**DATA UNDER STUDY**.

****

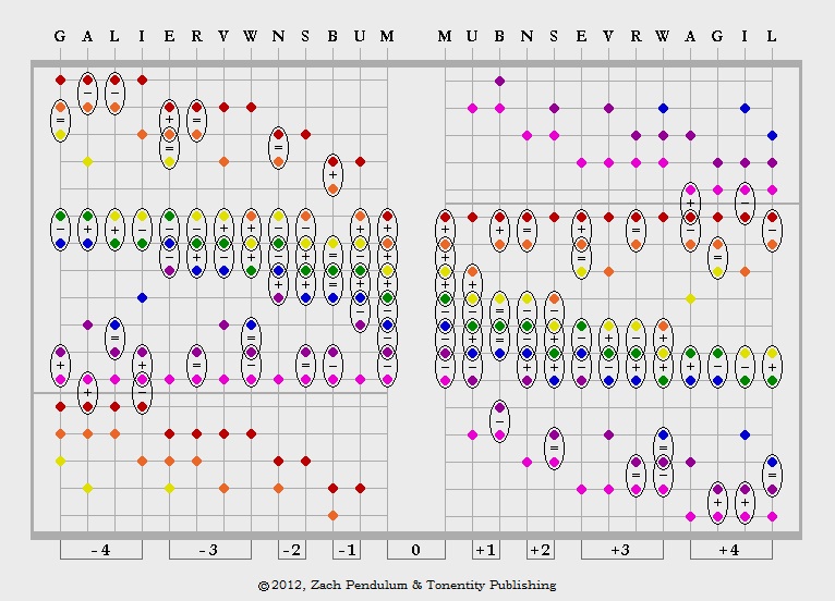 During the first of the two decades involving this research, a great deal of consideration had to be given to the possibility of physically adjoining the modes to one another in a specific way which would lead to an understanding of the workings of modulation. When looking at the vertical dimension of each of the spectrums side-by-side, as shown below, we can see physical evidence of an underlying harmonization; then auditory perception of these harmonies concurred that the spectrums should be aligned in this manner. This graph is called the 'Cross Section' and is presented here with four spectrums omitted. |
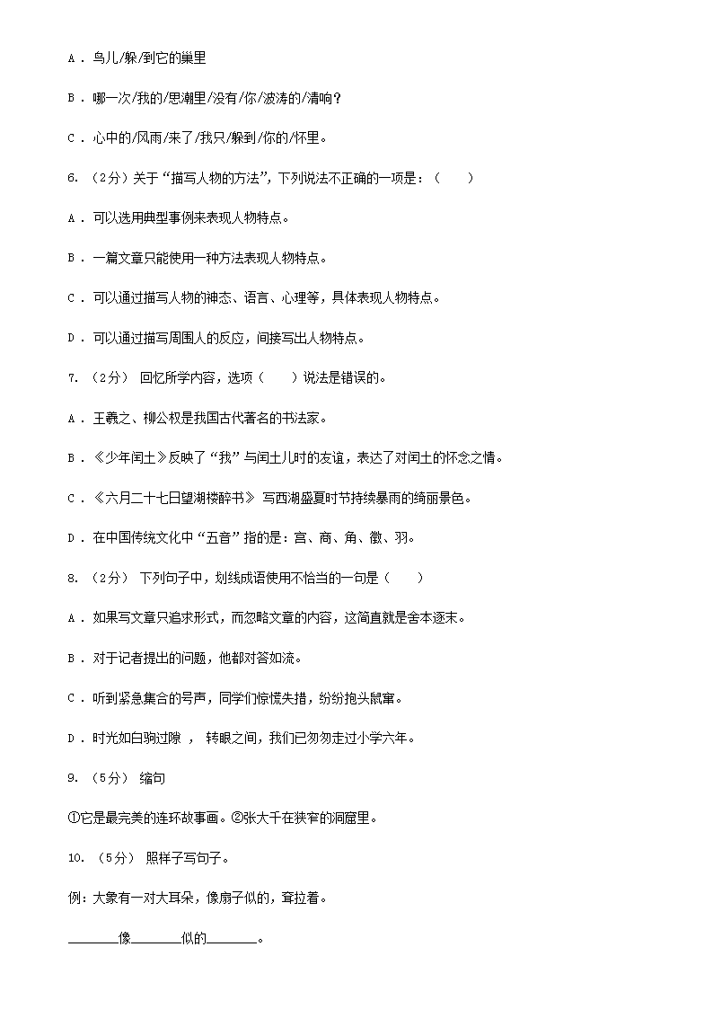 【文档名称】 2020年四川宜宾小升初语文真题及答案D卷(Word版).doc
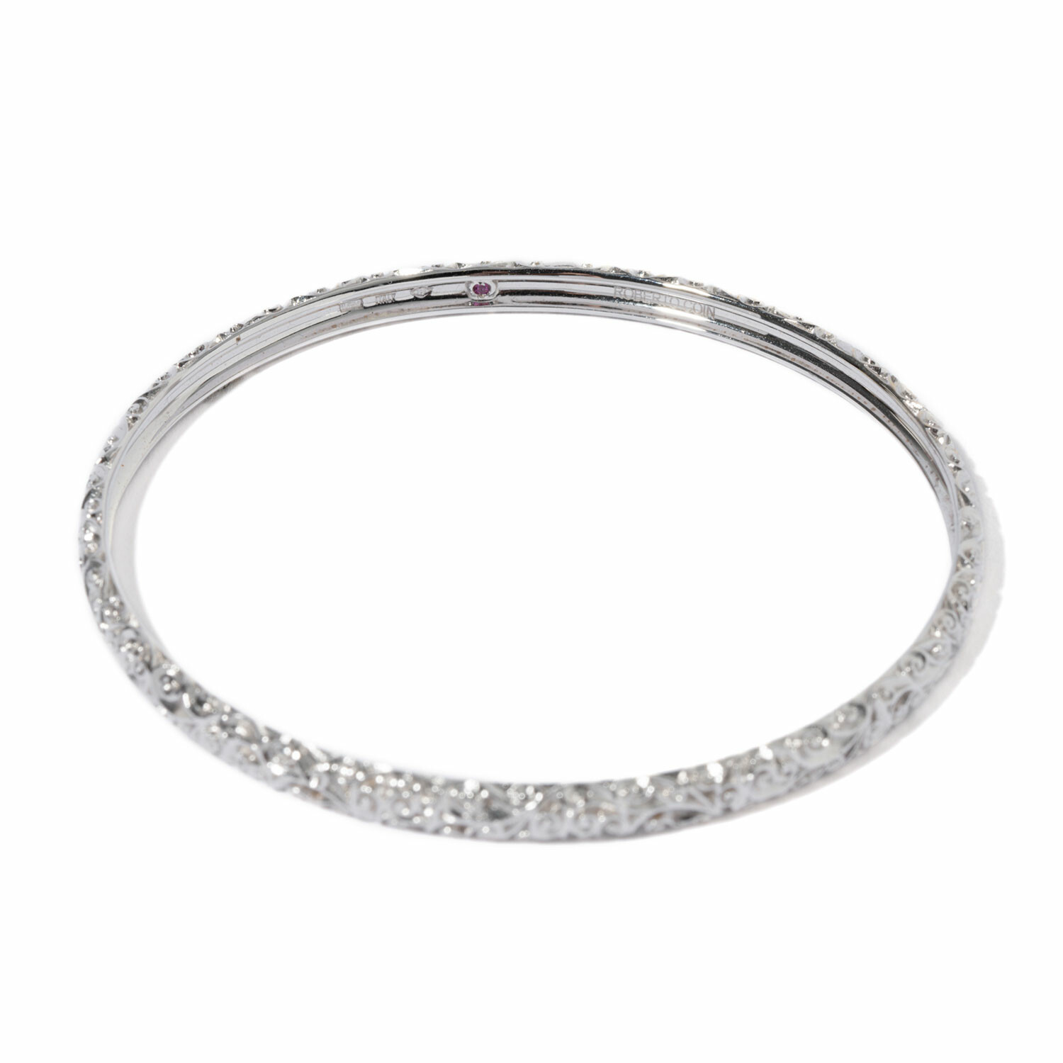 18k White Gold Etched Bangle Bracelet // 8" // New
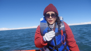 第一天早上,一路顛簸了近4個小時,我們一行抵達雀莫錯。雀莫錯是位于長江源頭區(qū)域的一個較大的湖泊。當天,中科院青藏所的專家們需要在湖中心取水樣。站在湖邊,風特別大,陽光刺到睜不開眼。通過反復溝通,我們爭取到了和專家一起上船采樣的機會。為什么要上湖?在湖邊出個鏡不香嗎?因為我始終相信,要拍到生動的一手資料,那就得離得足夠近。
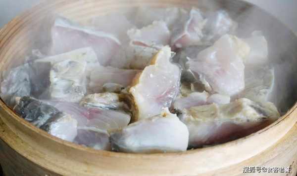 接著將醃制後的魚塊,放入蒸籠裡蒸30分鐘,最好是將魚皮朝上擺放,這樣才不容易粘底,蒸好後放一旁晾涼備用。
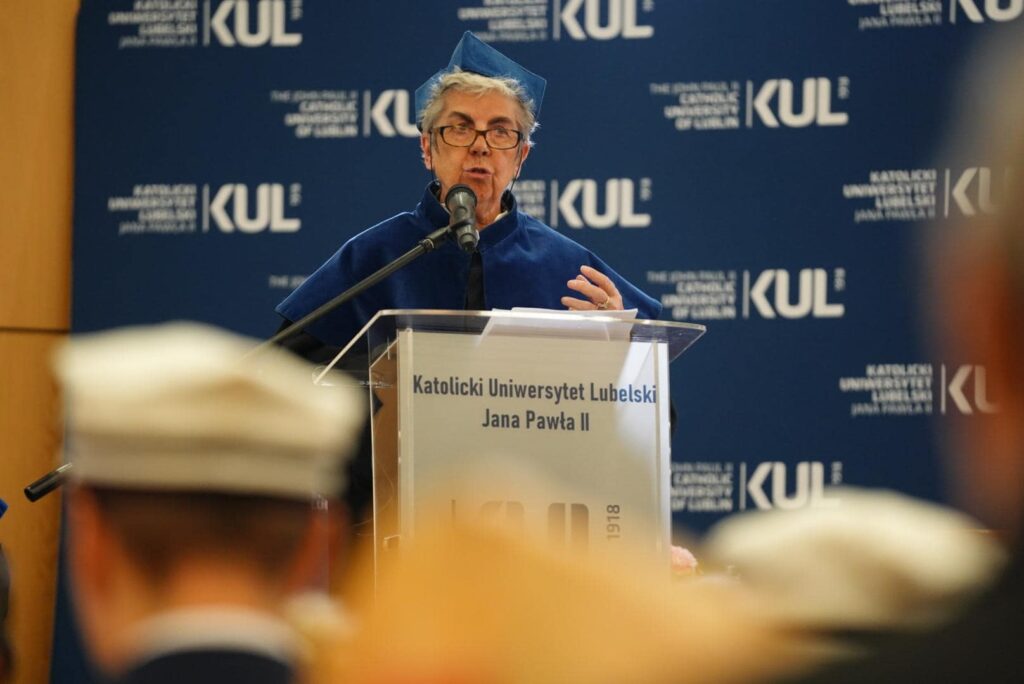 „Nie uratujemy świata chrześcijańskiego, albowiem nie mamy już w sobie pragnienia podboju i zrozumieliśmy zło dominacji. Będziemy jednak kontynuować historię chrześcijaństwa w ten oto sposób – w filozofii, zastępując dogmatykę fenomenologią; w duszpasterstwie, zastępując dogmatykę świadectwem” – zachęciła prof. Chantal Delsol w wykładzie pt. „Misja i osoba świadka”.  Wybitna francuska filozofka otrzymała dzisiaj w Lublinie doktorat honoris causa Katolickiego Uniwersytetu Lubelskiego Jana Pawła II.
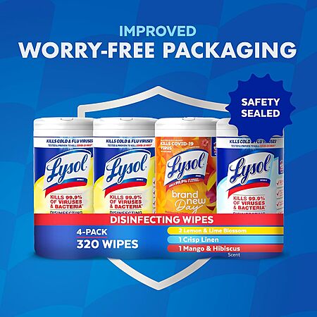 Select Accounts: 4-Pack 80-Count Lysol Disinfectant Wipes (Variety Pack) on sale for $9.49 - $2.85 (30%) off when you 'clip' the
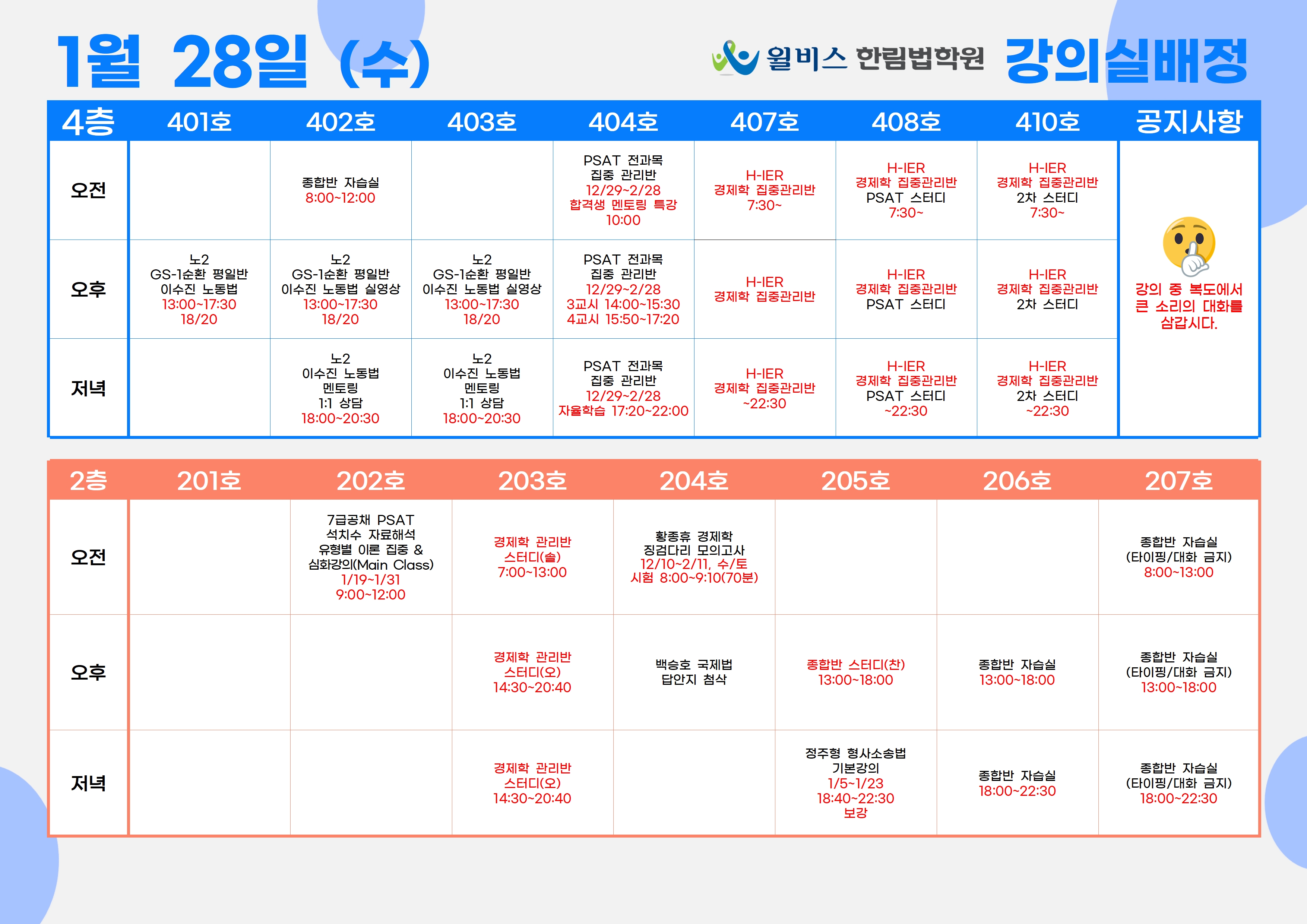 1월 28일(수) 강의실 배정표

****

**WHAT IS NEEDED**.
Pictures are to be omitted. Output verbatim only the lines from the one holding "18k White Gold" through the end of the material, both included.

**RESULT OF THIS EXERCISE**.
 18k White Gold Etched Bangle Bracelet // 8" // New
 第一天早上,一路顛簸了近4個小時,我們一行抵達雀莫錯。雀莫錯是位于長江源頭區(qū)域的一個較大的湖泊。當天,中科院青藏所的專家們需要在湖中心取水樣。站在湖邊,風特別大,陽光刺到睜不開眼。通過反復溝通,我們爭取到了和專家一起上船采樣的機會。為什么要上湖?在湖邊出個鏡不香嗎?因為我始終相信,要拍到生動的一手資料,那就得離得足夠近。
 接著將醃制後的魚塊,放入蒸籠裡蒸30分鐘,最好是將魚皮朝上擺放,這樣才不容易粘底,蒸好後放一旁晾涼備用。
 „Nie uratujemy świata chrześcijańskiego, albowiem nie mamy już w sobie pragnienia podboju i zrozumieliśmy zło dominacji. Będziemy jednak kontynuować historię chrześcijaństwa w ten oto sposób – w filozofii, zastępując dogmatykę fenomenologią; w duszpasterstwie, zastępując dogmatykę świadectwem” – zachęciła prof. Chantal Delsol w wykładzie pt. „Misja i osoba świadka”.  Wybitna francuska filozofka otrzymała dzisiaj w Lublinie doktorat honoris causa Katolickiego Uniwersytetu Lubelskiego Jana Pawła II.
 Select Accounts: 4-Pack 80-Count Lysol Disinfectant Wipes (Variety Pack) on sale for $9.49 - $2.85 (30%) off when you 'clip' the
 1월 28일(수) 강의실 배정표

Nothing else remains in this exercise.